What this task involves:
Since the pictures are not wanted, copy only the text of every record exactly.

Source information:
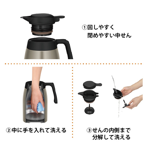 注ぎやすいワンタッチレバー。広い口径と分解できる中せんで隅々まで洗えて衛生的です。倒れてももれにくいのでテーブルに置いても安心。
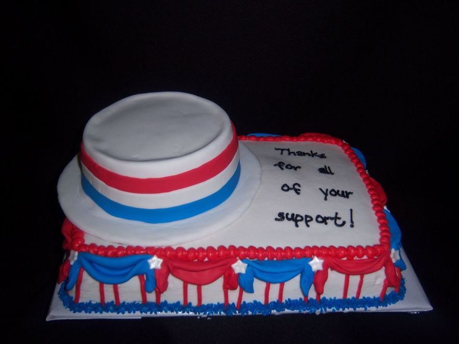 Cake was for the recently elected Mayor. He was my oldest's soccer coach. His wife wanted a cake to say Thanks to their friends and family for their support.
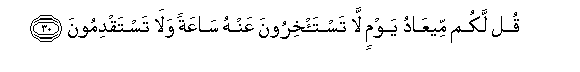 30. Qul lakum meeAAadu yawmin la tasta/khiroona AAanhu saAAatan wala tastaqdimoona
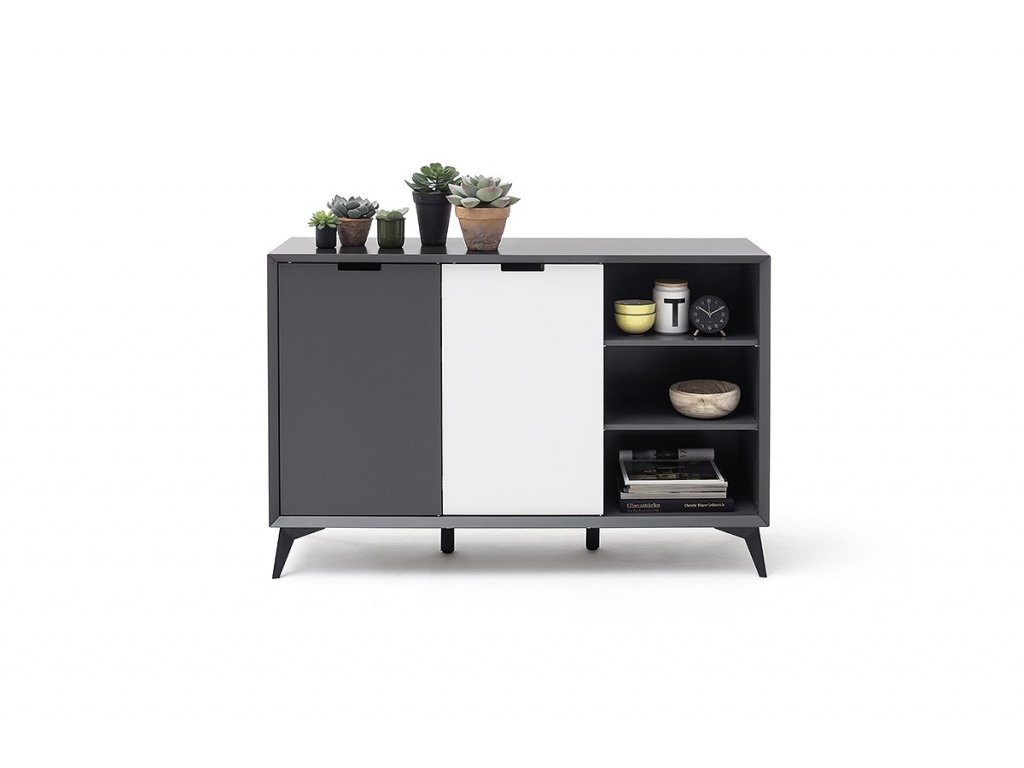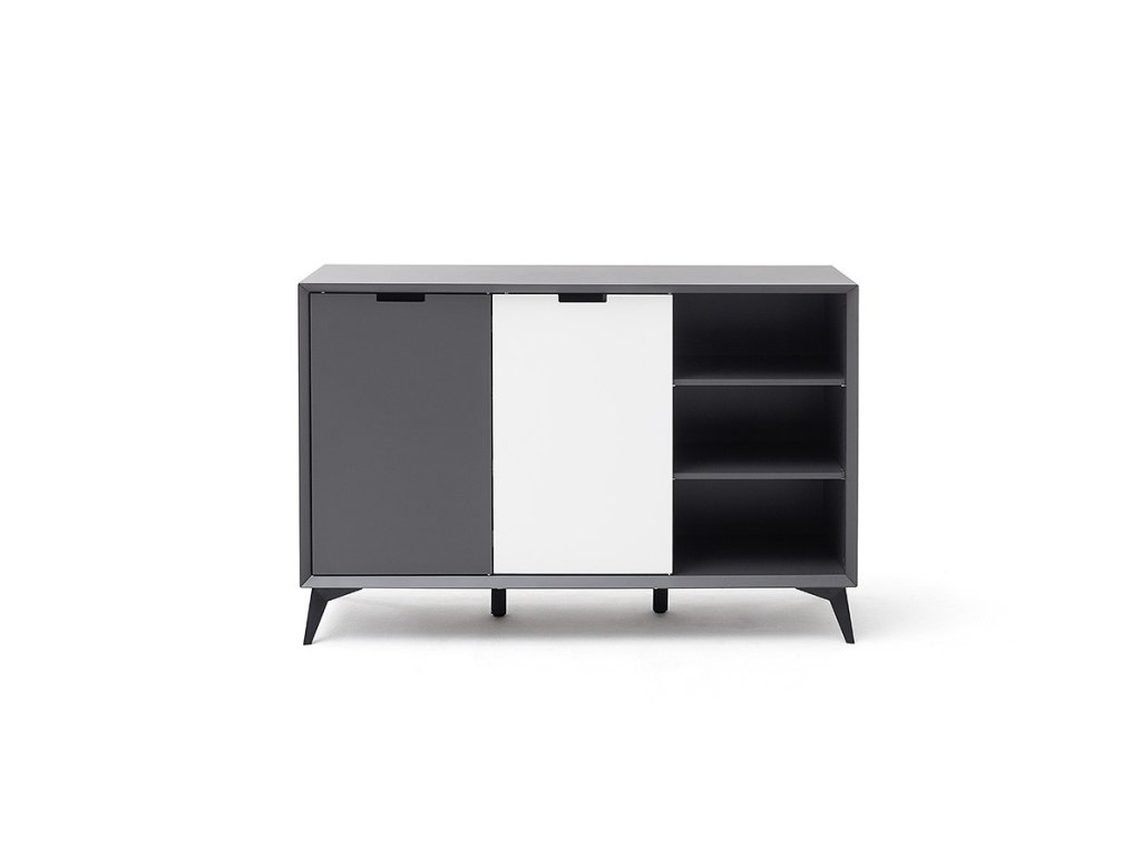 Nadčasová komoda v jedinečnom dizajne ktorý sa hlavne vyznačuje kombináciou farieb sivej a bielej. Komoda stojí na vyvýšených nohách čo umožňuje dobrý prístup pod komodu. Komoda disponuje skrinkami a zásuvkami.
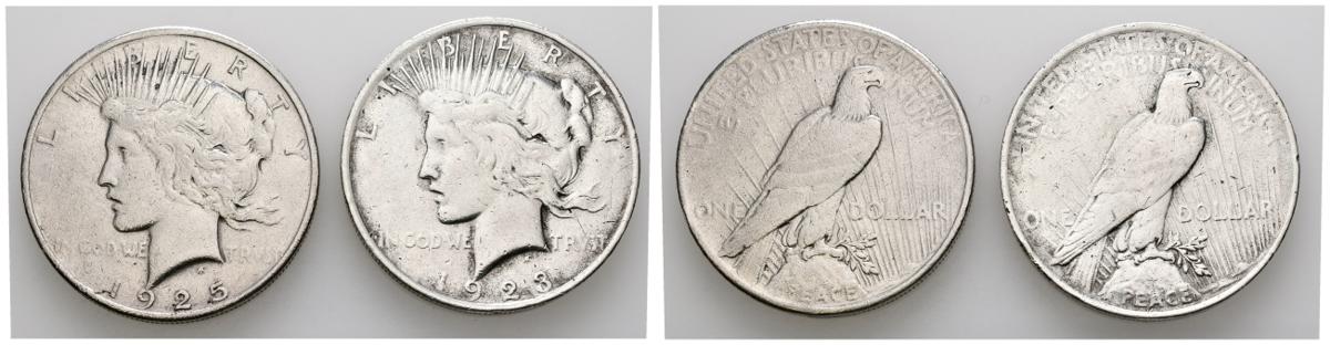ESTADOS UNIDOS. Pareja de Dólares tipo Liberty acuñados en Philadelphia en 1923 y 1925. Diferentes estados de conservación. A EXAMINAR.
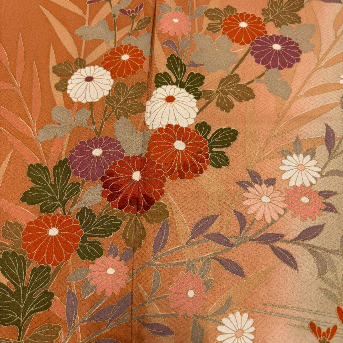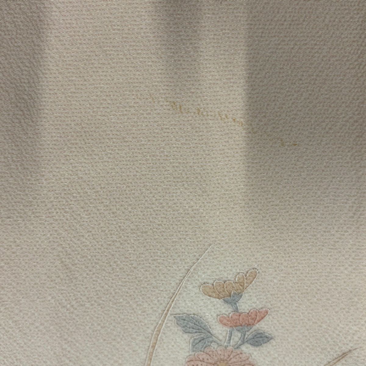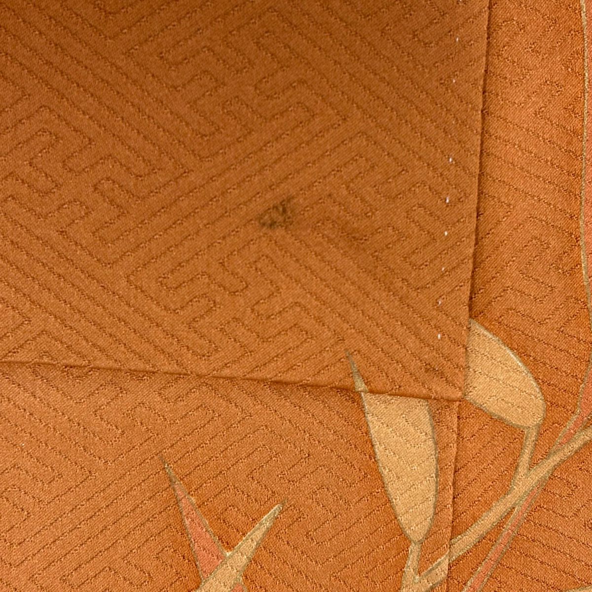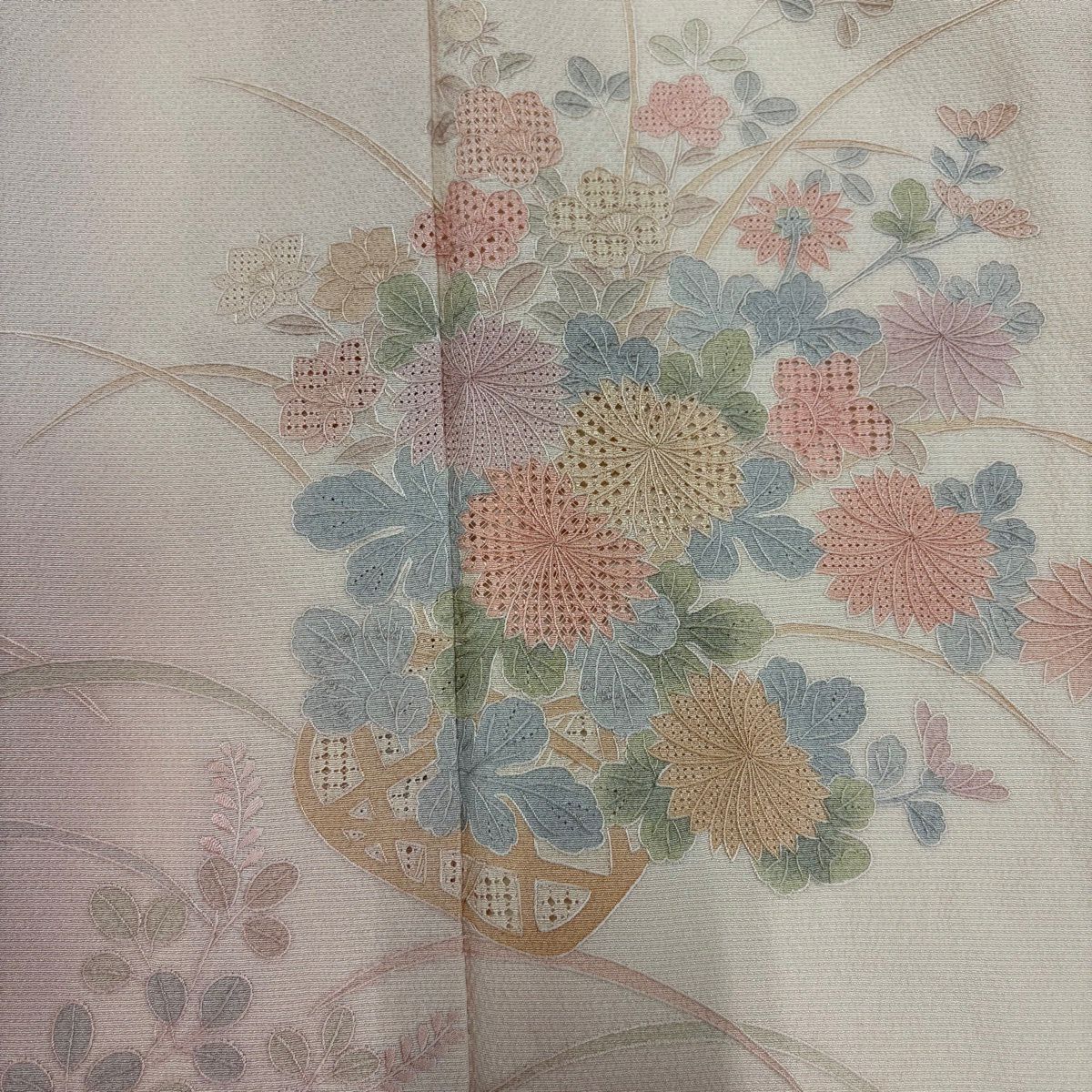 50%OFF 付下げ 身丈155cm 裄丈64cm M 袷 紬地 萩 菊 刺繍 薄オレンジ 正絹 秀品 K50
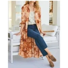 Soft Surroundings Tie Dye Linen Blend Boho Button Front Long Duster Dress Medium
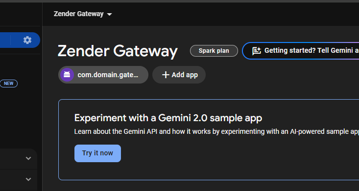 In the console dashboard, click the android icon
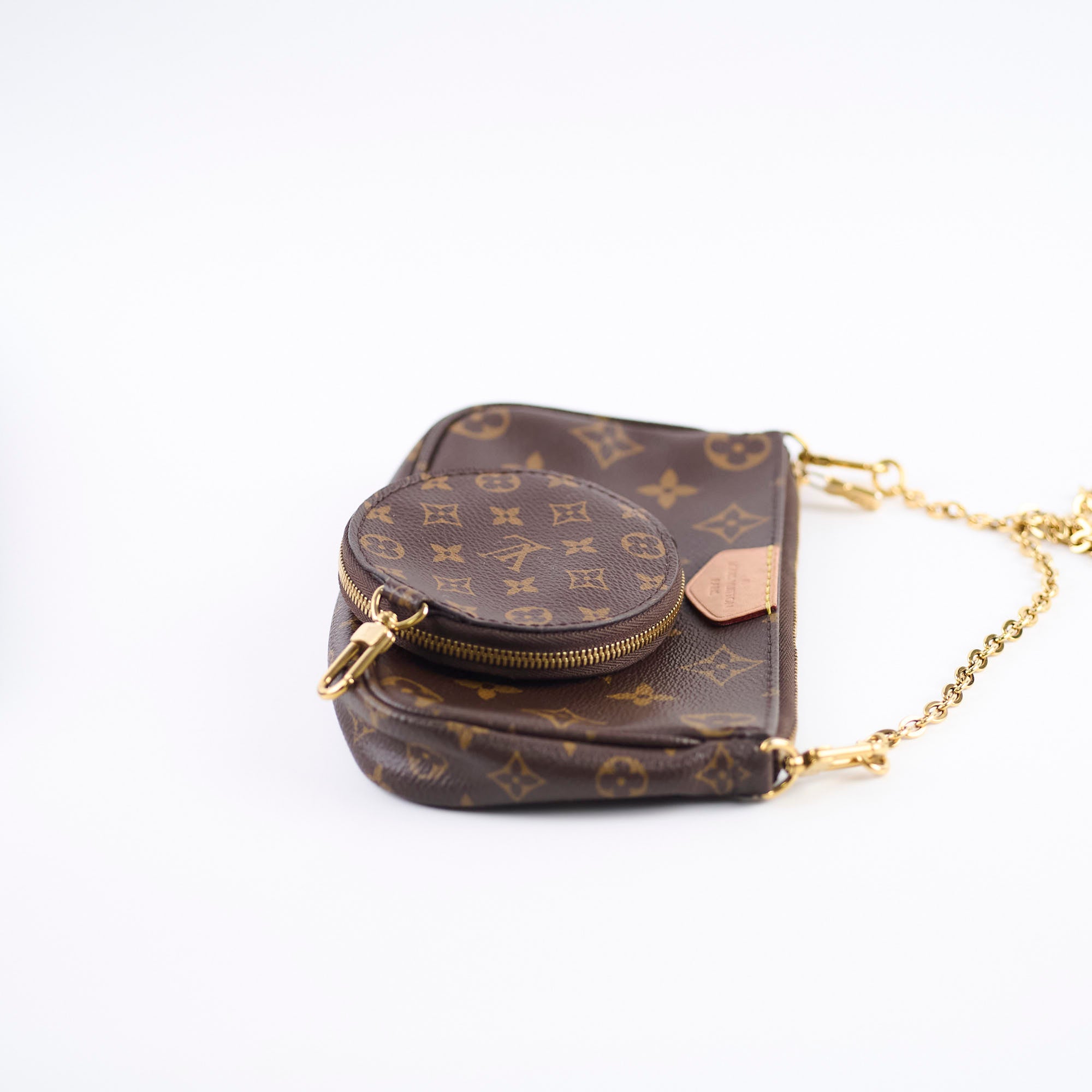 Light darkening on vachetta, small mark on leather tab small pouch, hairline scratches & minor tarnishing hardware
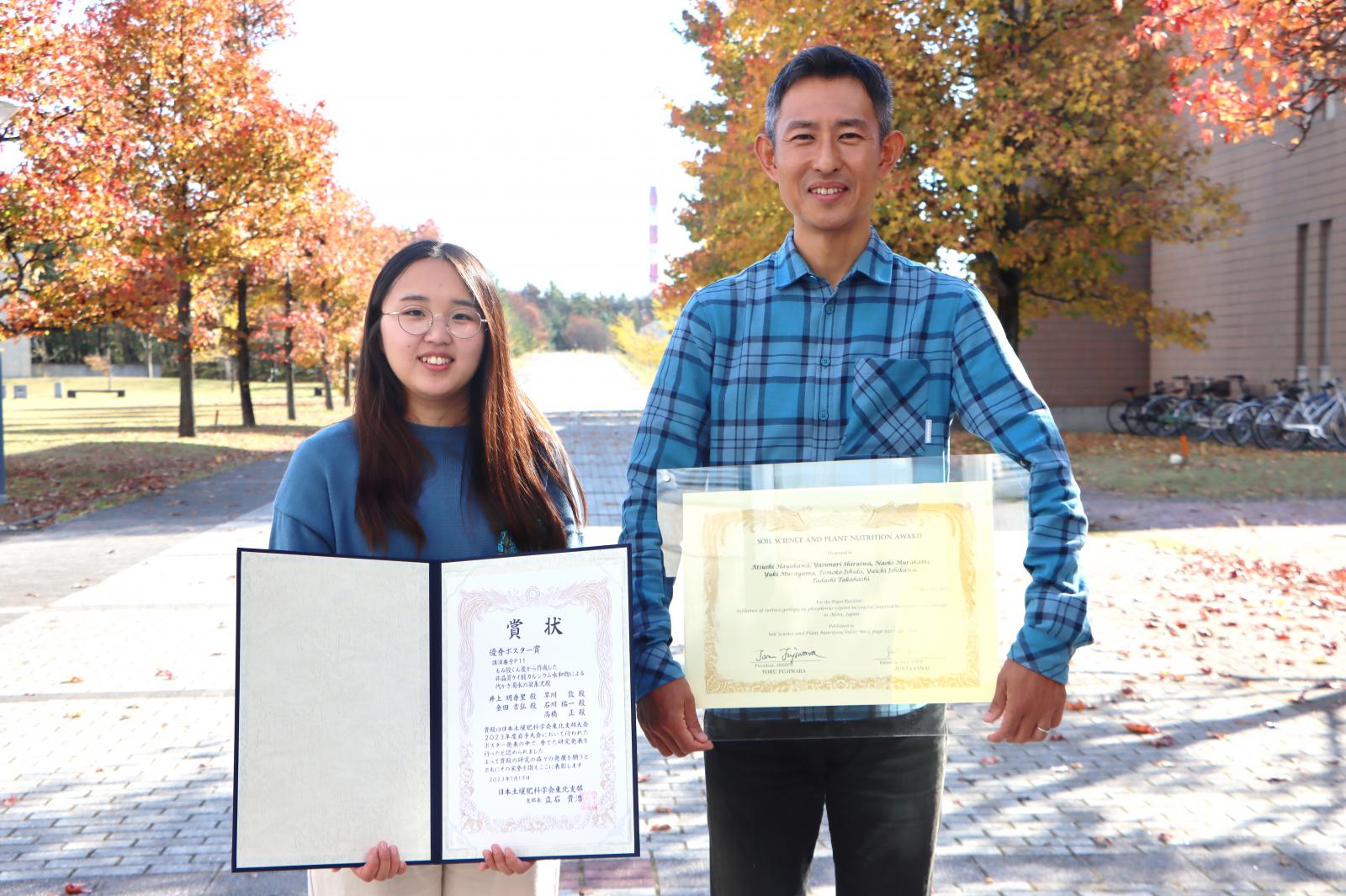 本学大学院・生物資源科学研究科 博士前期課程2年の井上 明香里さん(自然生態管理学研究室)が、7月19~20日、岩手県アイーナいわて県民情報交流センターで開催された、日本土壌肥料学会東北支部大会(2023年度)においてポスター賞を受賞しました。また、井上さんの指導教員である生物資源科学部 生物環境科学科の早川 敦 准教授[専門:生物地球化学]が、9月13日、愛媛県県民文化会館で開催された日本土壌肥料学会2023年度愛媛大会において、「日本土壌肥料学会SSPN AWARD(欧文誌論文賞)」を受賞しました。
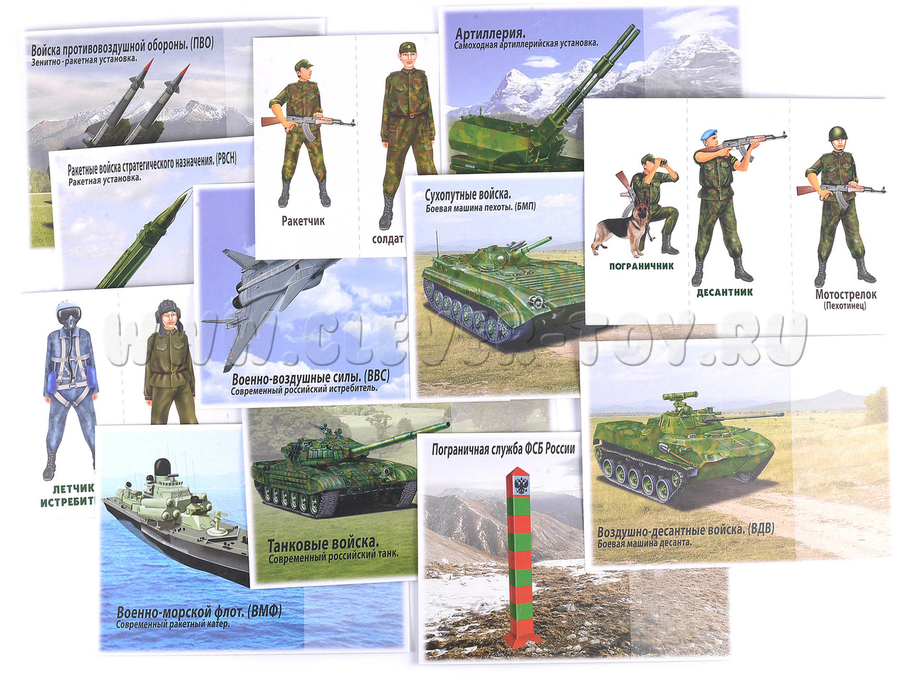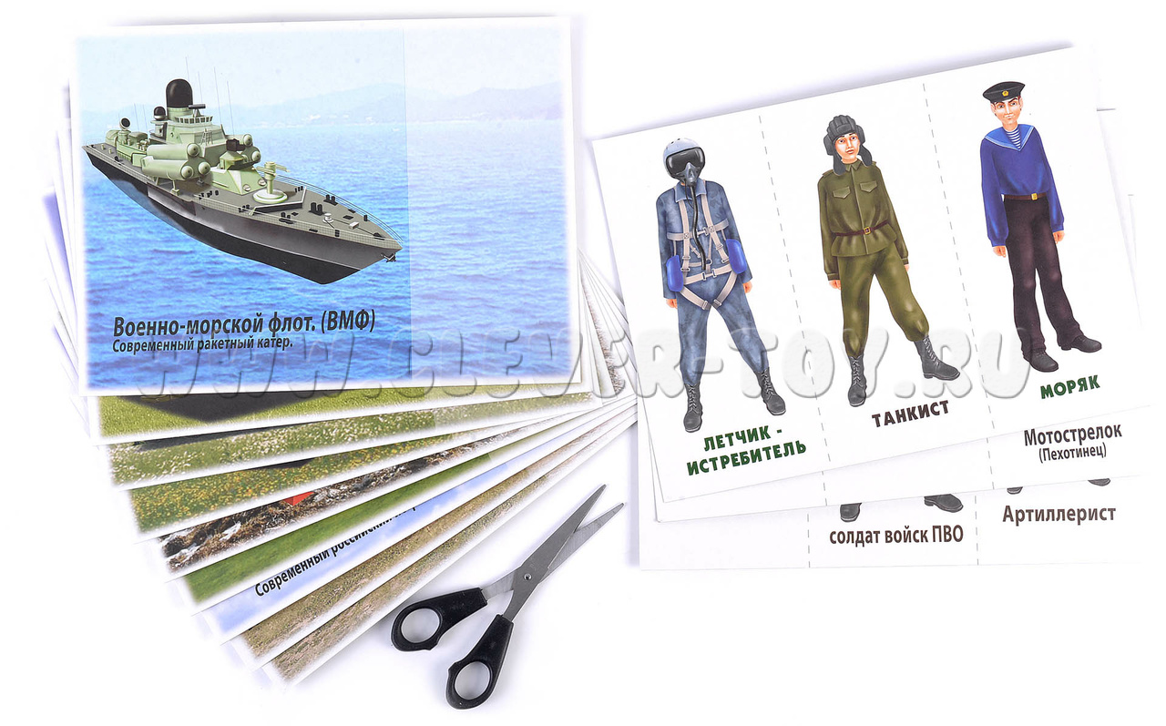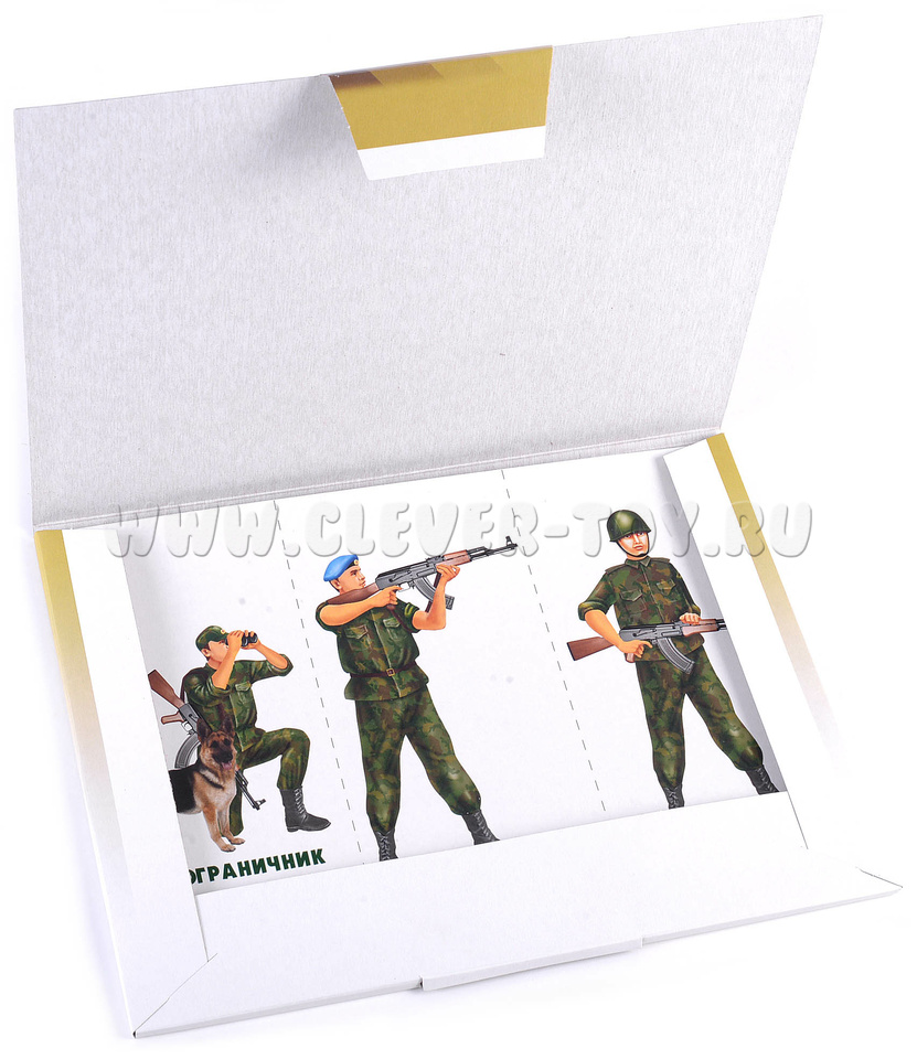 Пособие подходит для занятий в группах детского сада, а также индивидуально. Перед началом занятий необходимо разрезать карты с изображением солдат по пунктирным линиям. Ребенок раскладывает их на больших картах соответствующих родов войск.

Response:
 注ぎやすいワンタッチレバー。広い口径と分解できる中せんで隅々まで洗えて衛生的です。倒れてももれにくいのでテーブルに置いても安心。
 Cake was for the recently elected Mayor. He was my oldest's soccer coach. His wife wanted a cake to say Thanks to their friends and family for their support.
 30. Qul lakum meeAAadu yawmin la tasta/khiroona AAanhu saAAatan wala tastaqdimoona
 Nadčasová komoda v jedinečnom dizajne ktorý sa hlavne vyznačuje kombináciou farieb sivej a bielej. Komoda stojí na vyvýšených nohách čo umožňuje dobrý prístup pod komodu. Komoda disponuje skrinkami a zásuvkami.
ESTADOS UNIDOS. Pareja de Dólares tipo Liberty acuñados en Philadelphia en 1923 y 1925. Diferentes estados de conservación. A EXAMINAR.
 50%OFF 付下げ 身丈155cm 裄丈64cm M 袷 紬地 萩 菊 刺繍 薄オレンジ 正絹 秀品 K50
 Soft Surroundings Tie Dye Linen Blend Boho Button Front Long Duster Dress Medium
 In the console dashboard, click the android icon
 Light darkening on vachetta, small mark on leather tab small pouch, hairline scratches & minor tarnishing hardware
 本学大学院・生物資源科学研究科 博士前期課程2年の井上 明香里さん(自然生態管理学研究室)が、7月19~20日、岩手県アイーナいわて県民情報交流センターで開催された、日本土壌肥料学会東北支部大会(2023年度)においてポスター賞を受賞しました。また、井上さんの指導教員である生物資源科学部 生物環境科学科の早川 敦 准教授[専門:生物地球化学]が、9月13日、愛媛県県民文化会館で開催された日本土壌肥料学会2023年度愛媛大会において、「日本土壌肥料学会SSPN AWARD(欧文誌論文賞)」を受賞しました。
 Пособие подходит для занятий в группах детского сада, а также индивидуально. Перед началом занятий необходимо разрезать карты с изображением солдат по пунктирным линиям. Ребенок раскладывает их на больших картах соответствующих родов войск.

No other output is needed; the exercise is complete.